An example would be;
Return me each element and if it is the first time that element has appeared before.
val elements:TraversableOnce[E]
val result = elements.mappyFoldyFunction(Set.empty[E]) {
(s, e) => (s + e) -> (e -> s.contains(e))
}
result:TraversableOnce[(E,Boolean)]
You might be able to make use of the State Monad. Here is your example re-written using scalaz:
import scalaz._, Scalaz._
def foldyMappy(i: Int) = State[Set[Int], (Int, Boolean)](s => (s + i, (i, s contains(i))))
val r = List(1, 2, 3, 3, 6).traverseS(foldyMappy)(Set.empty[Int])._2
//List((1,false), (2,false), (3,false), (3,true), (6,false))
println(r)
It is look like you need SeqView.
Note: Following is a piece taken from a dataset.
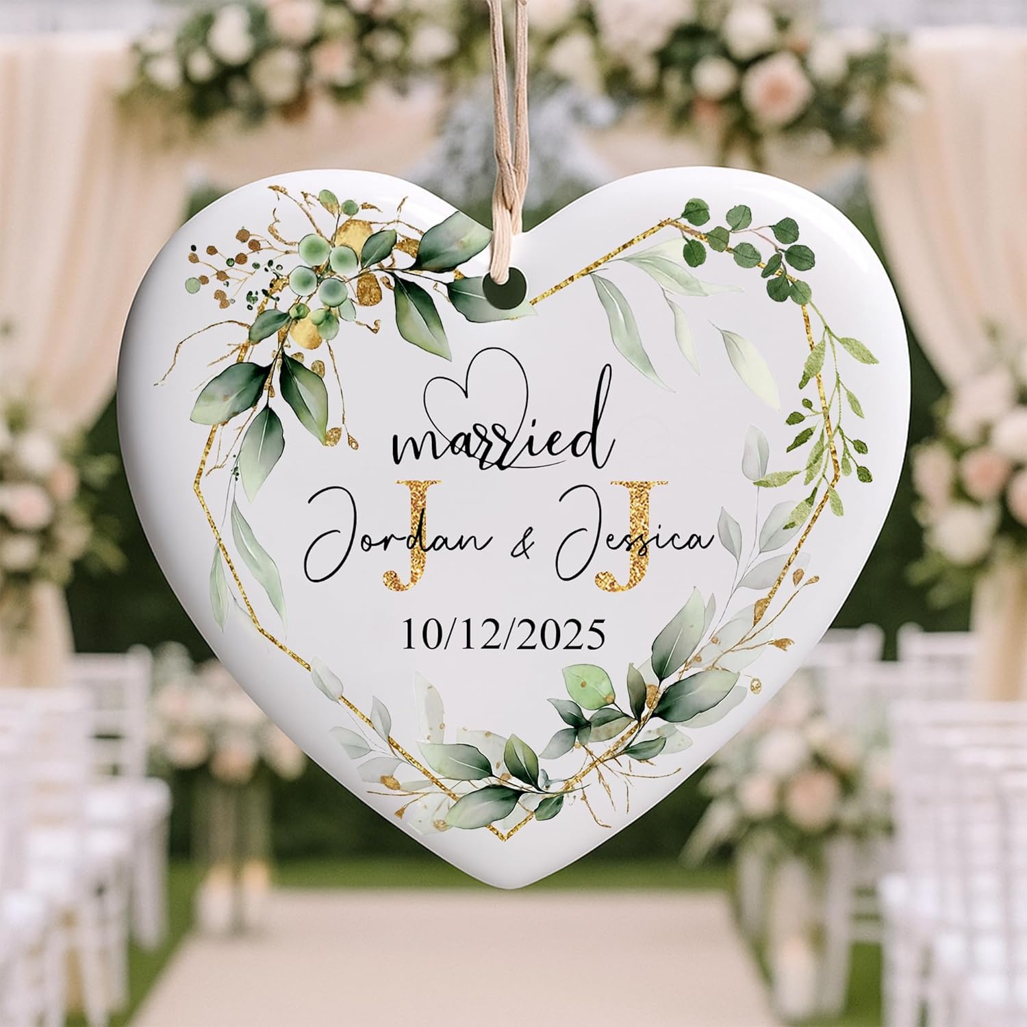 Love Signal Personalized Married Ceramic Ornament, Mr Mrs 2025 Ornaments Custom Name Date, Ornament Gift for Wedding Newlywed Engaged Couple Christmas

Use view or view(from: Int, until: Int) methods for create a non-strict view of list.
I really don't understand your example as your contains check will always result to false.
foldLeft is different. It will result in a single value by aggregating all elements of the list.
You clearly need map (List => List).
Anyway, answering your question about laziness:
you should use Stream instead of List. Stream doesn't evaluate the tail before actually calling it.